The School on Heart's Content Road
Page 40
We get five minutes for each visit. That’s what they give you. Then you have to leave after your five minutes are up. So many in the family to take up the next available five minutes. I need to make my five minutes count. But . . . I don’t touch him. I don’t take his hand. And Bree doesn’t touch him either. It’s like we’ve come to check out some museum exhibit, some science thing, maybe a fossil, something once preserved in ice. Mostly she and I just look at each other, in stolen glimpses. I always thought her face was terrible.
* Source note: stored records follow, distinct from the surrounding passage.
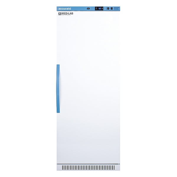 Refrigerator, Application - Laboratory Refrigerator/Freezer General Purpose, Laboratory Refrigerator/Freezer Style Upright, Refrigerator Capacity (Cu.-Ft.) 12 cu ft, Refrigerator Temperature Range (C) 2 Degrees to 10 Degrees , Overall Depth 24 3/8 in, Overall Height 5 ft, Overall Width 23 3/8 in, Defrost Automatic, Refrigerator Temperature Range (F) 36 Degrees to 50 Degrees , Amps 1.4, Hz 60, Voltage 115V AC, Color White, Door Hinge Right, Door Type Swing Solid, Door Material Solid
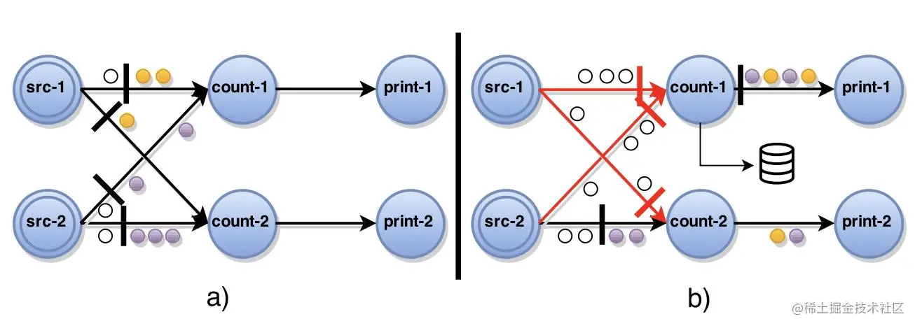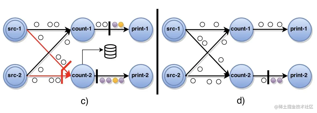 我们看到 Asynchronous Barrier Snapshotting 算法的流程和 Chandy-Lamport 算法很相似,但也有很大的不同之处:
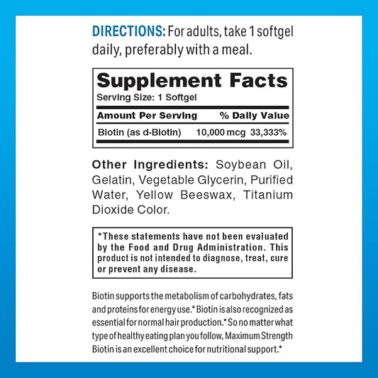 Vitamin World Ultra Mega Biotin 10,000 mcg. 50 Softgels, Vitamin B, Supports Healthy Hair, Skin and Nails, Rapid-release, Gluten Free
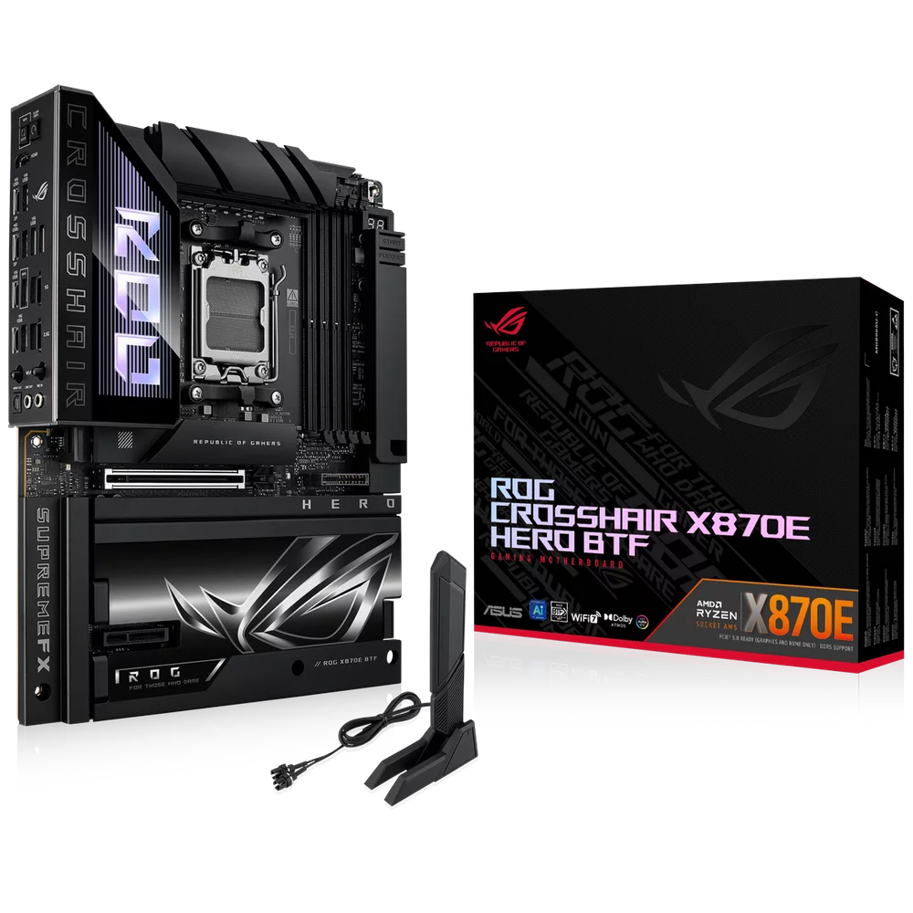 Материнская плата ASUS ROG CROSSHAIR X870E HERO BTF AM5 ATX 4xDDR5 PCIEx16 PCIEx4 5xM.2 4xUSB-C HDMI 5GLAN 2.5GLAN Wi-Fi 7 (90MB1MX0-M0EAY0)
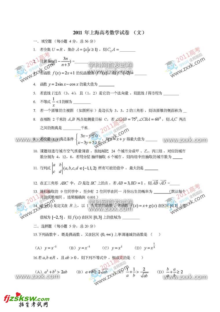 [组图]上海市2011年高考文数试题及答案

But now the most deformed and terrible thing imaginable is lying on that pillow, breathing through broken teeth and tough-looking green tubes, both eyes bandaged, both ears bandaged, no beard, just purple and swollen “skin.” Gordon’s face, no longer good-looking—though he was never really movie-star material. It had more to do with his personality, the light behind the eyes and at least twenty types of smiles. But now . . . that face . . . it’s just garbage.
Bree St. Onge.
Don’t die. Don’t die. Don’t die.
Claire St. Onge.
The one small and two large waiting rooms farther down the hall are always filled with us. We fill up seats. We stand along the walls. Then there are people who have come to see Gordon whom we don’t know. Only immediate family is allowed to see him. But they hang around anyway, waiting for news.
Immediate family. As you can guess, the St. Onge immediate family has given more than one nurse a bit of a stutter.
There are reporters too. Some identify themselves. We have agreed not to talk with them. But we try to be courteous. None of them act like jerks, so why should we? It’s just a kind of war of polite smiles. A war of patience.
When Mary Wright, an old pal of Gordon’s, came down the hall, the reporters came to life. “Senator Wright, what brings you here?” She replies, “Same thing you’re here for.” She smiles. She is a petite person, but her smile is usually panoramic. Now her smile is spare.
Marian, Gordon’s mother, does not hang out with us or eat from our baskets of food. I’m not sure where in the hospital she has been going off to, to wait alone. But she has been near. She and I go way back. It hurts to see her handsome face all swollen from constant sobbing. Once Whitney went up to her and hugged her, two lovely tall women, one older, one so young, those pertinacious St. Onge–De Paolo genes. The embrace was a long one, though not a single word was said. I believe there will come a time when Marian embraces all her grandchildren, will hold them dear. But not today. She still needs to pretend that her son is an ordinary man.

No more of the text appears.